--- Given data Enclosed Below ---

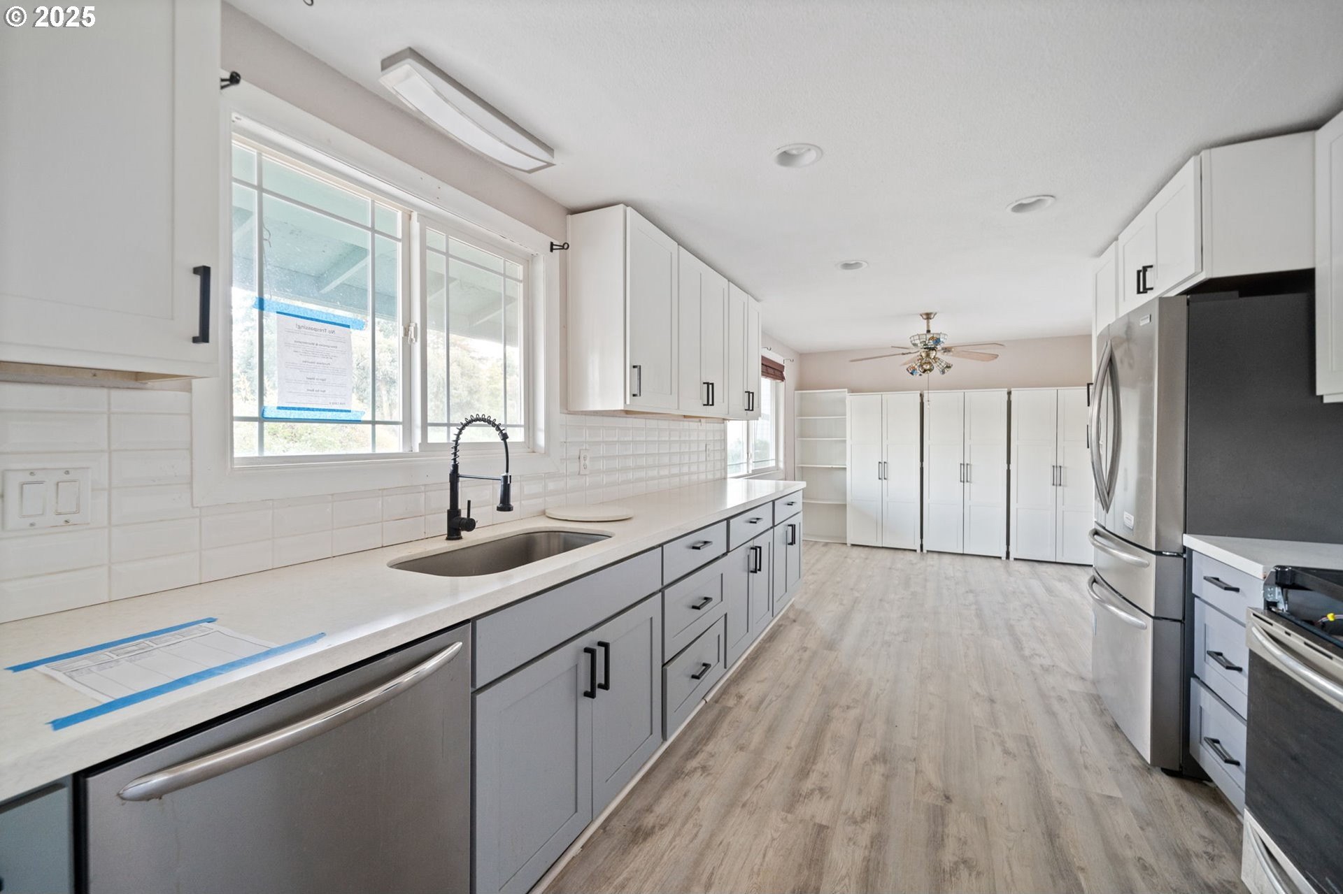 Just listed! HUD owned tri-level home. Previous updates include: kitchen with modern cabinets, quartz countertops, stainless appliances and updated flooring, as well as refreshed bathrooms. All carpeting has been removed, offering a clean slate and a great opportunity to bring this home back to its former splendor at an attractive value. Offering 2,148 square feet, the home includes four bedrooms plus an office, two and a half baths, a large open living room with pellet stove, and a spacious family room with fireplace, both opening to a large fenced backyard with a patio and a storage shed. The lower level also features a large utility room. Comfort is enhanced with a ductless heat pump with three zones. Additional features include a two-car attached garage and a carport that could be converted to accommodate a larger RV. This home offers generous space and versatile living areas, with plenty of room for relaxing, entertaining, and even a home office. With its clean slate and thoughtful updates, it presents a wonderful opportunity to add your personal touches and make it your own.
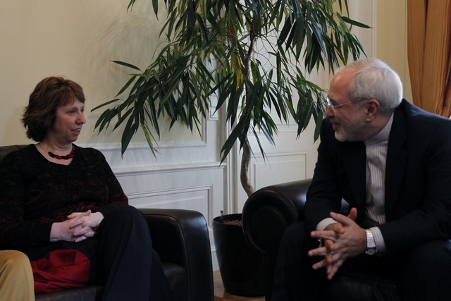 محمد جواد ظریف وزیر امور خارجه و کاترین اشتون مسوول سیاست خارجی اتحادیه اروپا در دومین روز مذاکرات ایران و 1+5 در وین اتریش با یکدیگر دیدار و گفت و گو کردند.
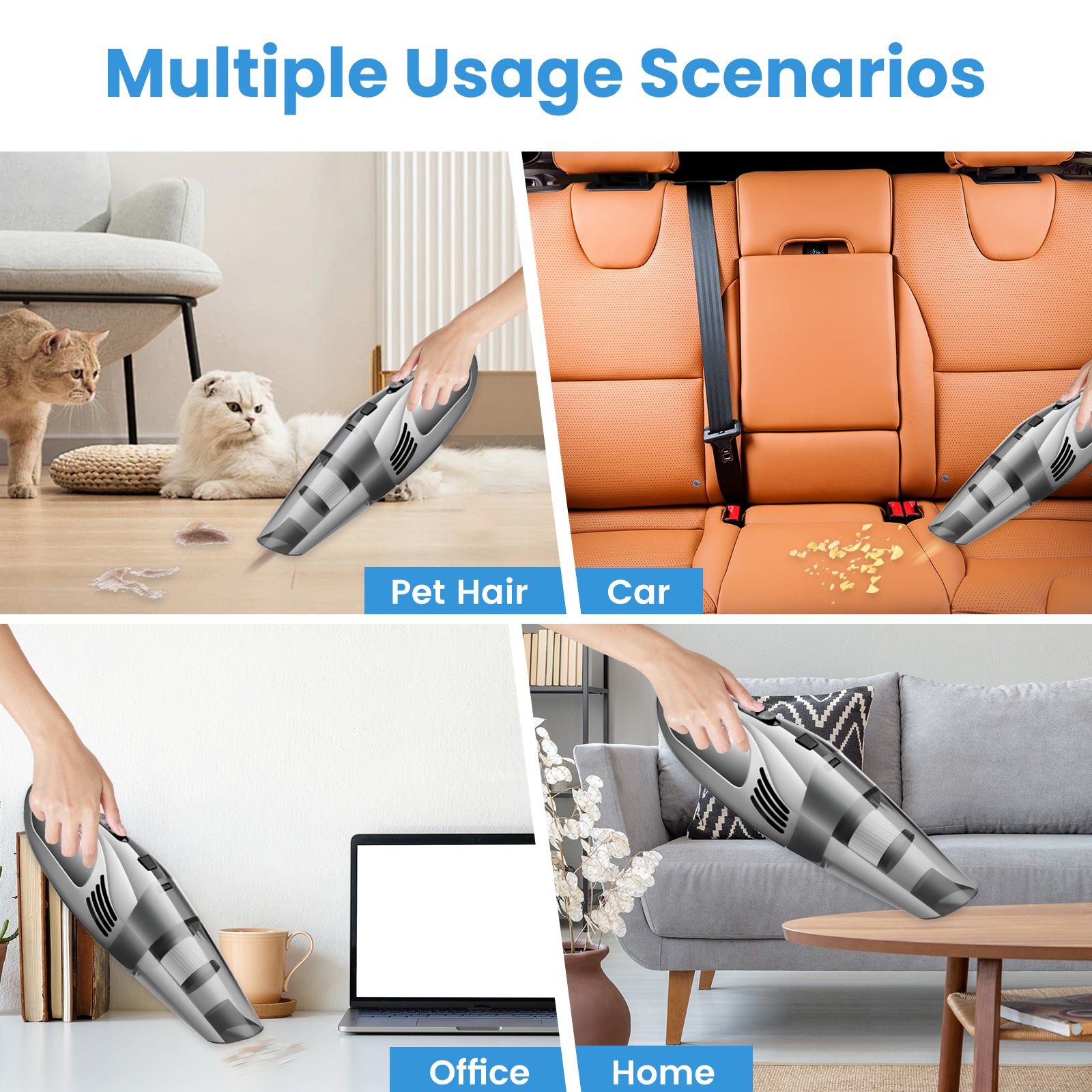 Cordless Handheld Car Vacuum, Portable Vacuum Cleaner, 8KPA Powerful Suction for Car and Pet Hair, Gray
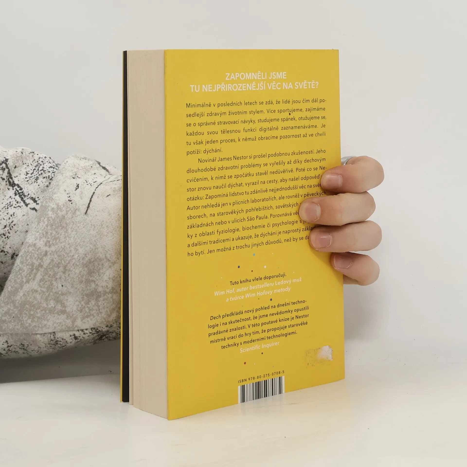 Nádech, výdech a znovu. Zapomněli jsme tu nejpřirozenější věc na světě? Minimálně v posledních letech se zdá, že lidé jsou čím dál posedlejší zdravým životním stylem. Více sportujeme, zajímáme se o správné stravovací návyky, studujeme spánek, otužujeme se, každou tělesnou funkci digitálně zaznamenáváme. Je tu však jeden proces, k němuž obracíme pozornost až ve chvíli potíží: dýchání. Novinář James Nestor si prošel podobnou zkušeností. Jeho dlouhodobé zdravotní problémy se vyřešily až díky dechovým cvičením, k nimž se zpočátku stavěl nedůvěřivě. Poté co se Nestor znovu naučil dýchat, vyrazil na cesty, aby našel odpověď na otázku: Zapomíná lidstvo tu zdánlivě nejjednodušší věc na světě? Autor nehledá jen v plicních laboratořích, ale rovněž u pěveckých sborů, na starověkých pohřebištích, sovětských výzkumných základnách nebo v ulicích Săo Paula. Porovnává vědecké poznatky z oblasti fyziologie, biochemie či psychologie s jogínskými a dalšími tradicemi a ukazuje, že dýchání je naprostý základ našeho bytí. Jen možná trochu jinak, než by se dalo čekat.

--- End of Enclosed Given data ---

== How to complete this task ==
Give back the data exactly. Pictures stay out.

== Result for this exercise ==
 Just listed! HUD owned tri-level home. Previous updates include: kitchen with modern cabinets, quartz countertops, stainless appliances and updated flooring, as well as refreshed bathrooms. All carpeting has been removed, offering a clean slate and a great opportunity to bring this home back to its former splendor at an attractive value. Offering 2,148 square feet, the home includes four bedrooms plus an office, two and a half baths, a large open living room with pellet stove, and a spacious family room with fireplace, both opening to a large fenced backyard with a patio and a storage shed. The lower level also features a large utility room. Comfort is enhanced with a ductless heat pump with three zones. Additional features include a two-car attached garage and a carport that could be converted to accommodate a larger RV. This home offers generous space and versatile living areas, with plenty of room for relaxing, entertaining, and even a home office. With its clean slate and thoughtful updates, it presents a wonderful opportunity to add your personal touches and make it your own.
 محمد جواد ظریف وزیر امور خارجه و کاترین اشتون مسوول سیاست خارجی اتحادیه اروپا در دومین روز مذاکرات ایران و 1+5 در وین اتریش با یکدیگر دیدار و گفت و گو کردند.
 Cordless Handheld Car Vacuum, Portable Vacuum Cleaner, 8KPA Powerful Suction for Car and Pet Hair, Gray
 Nádech, výdech a znovu. Zapomněli jsme tu nejpřirozenější věc na světě? Minimálně v posledních letech se zdá, že lidé jsou čím dál posedlejší zdravým životním stylem. Více sportujeme, zajímáme se o správné stravovací návyky, studujeme spánek, otužujeme se, každou tělesnou funkci digitálně zaznamenáváme. Je tu však jeden proces, k němuž obracíme pozornost až ve chvíli potíží: dýchání. Novinář James Nestor si prošel podobnou zkušeností. Jeho dlouhodobé zdravotní problémy se vyřešily až díky dechovým cvičením, k nimž se zpočátku stavěl nedůvěřivě. Poté co se Nestor znovu naučil dýchat, vyrazil na cesty, aby našel odpověď na otázku: Zapomíná lidstvo tu zdánlivě nejjednodušší věc na světě? Autor nehledá jen v plicních laboratořích, ale rovněž u pěveckých sborů, na starověkých pohřebištích, sovětských výzkumných základnách nebo v ulicích Săo Paula. Porovnává vědecké poznatky z oblasti fyziologie, biochemie či psychologie s jogínskými a dalšími tradicemi a ukazuje, že dýchání je naprostý základ našeho bytí. Jen možná trochu jinak, než by se dalo čekat.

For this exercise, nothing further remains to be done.